Outcome: Class Variable (0 or 1) where ‘0’ denotes patient is not having diabetes and ‘1’ denotes patient having diabetes.

In [None]:
# Reading Data and extracting some insights

df= pd.read_csv("../input/pima-indians-diabetes-database/diabetes.csv")
df.head()
X=df.iloc[:,0:8]
y=df.iloc[:,-1]
X

In [None]:
df.describe()

There is no missing values in the data.

Min value =0 in Pregnancy , Glucose, BP, SkinThickness, Insulin, BMI which is practically not possible so we will handle it by replacing it with NaN

There is extreme variation(std,mean) across the fields hence we will require to Standardize the data so that they fall in the same range. *with Standardization data values gets converted to (-3 to 3 )range

In [None]:
#libraries for plotting data
import matplotlib.pyplot as plt
import seaborn as sns

In [None]:
matrix = np.triu(df.corr())
sns.heatmap(df.corr(),annot=True,fmt='.1g',vmin=-1, vmax=1, center= 0,cmap='YlOrRd',mask=matrix)
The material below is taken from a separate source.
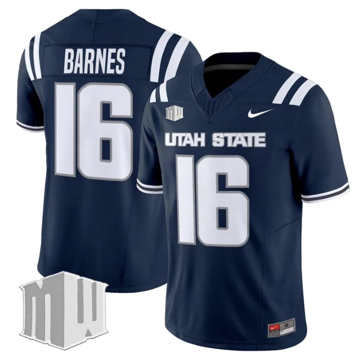 Bryson Barnes Jersey #16 Utah State Aggies 2025 Vapor Limited Stitched Navy
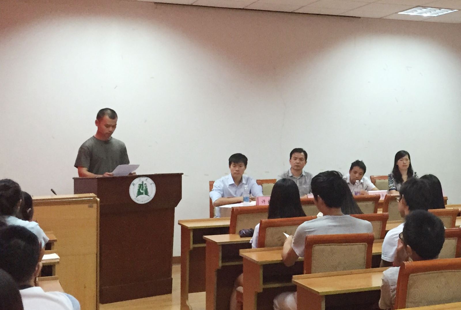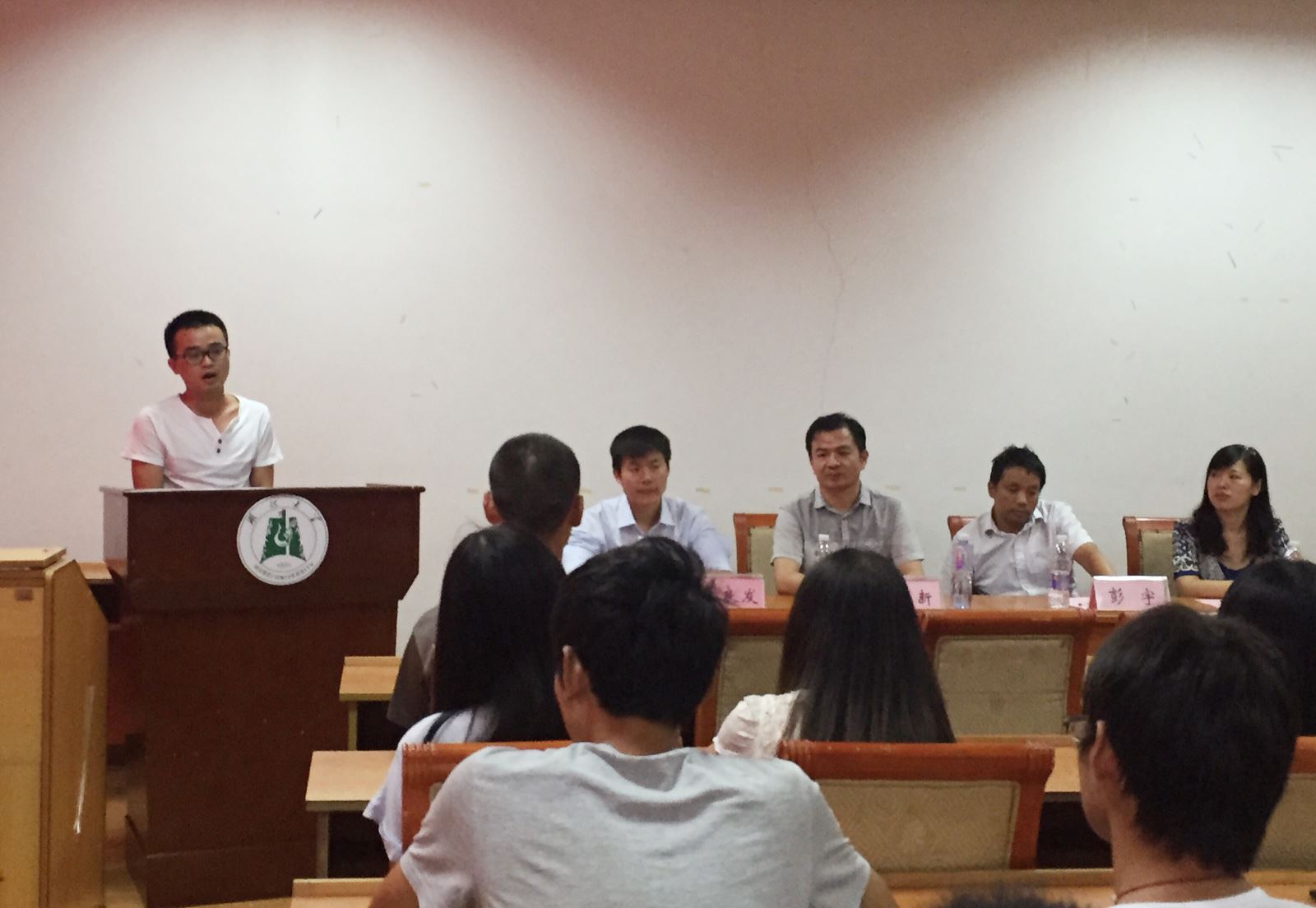 随后,彭院长向2015级新生们介绍了学校、学院关于研究生培养和学位授予的政策要求,并向大家通报了2015届研究生100%的就业率。彭院长表示,研究生阶段是一个新的成长历程,要继续树立远大理想,并为之奋斗;同时,他还希望大家多看,多做,多写,并着重强调在科研中一定要讲求学术诚信。

**What do you get from this**

Outcome :- Glucose and BMI are highly correlated

Age and Pregnancy are positively corelated i.e. greater the age , more will be the number of pregnancies.

SkinThickness has high relevance to BMI and Insulin.

There is not a single feature that doesnot have direct or indirect impact over outcome.


**Data Preprocessing**

it involves Treating missing values

Remove them simply if values are not critical or doesnt form a major part of your data.

Replace them with average or median values. Depends on the business decision.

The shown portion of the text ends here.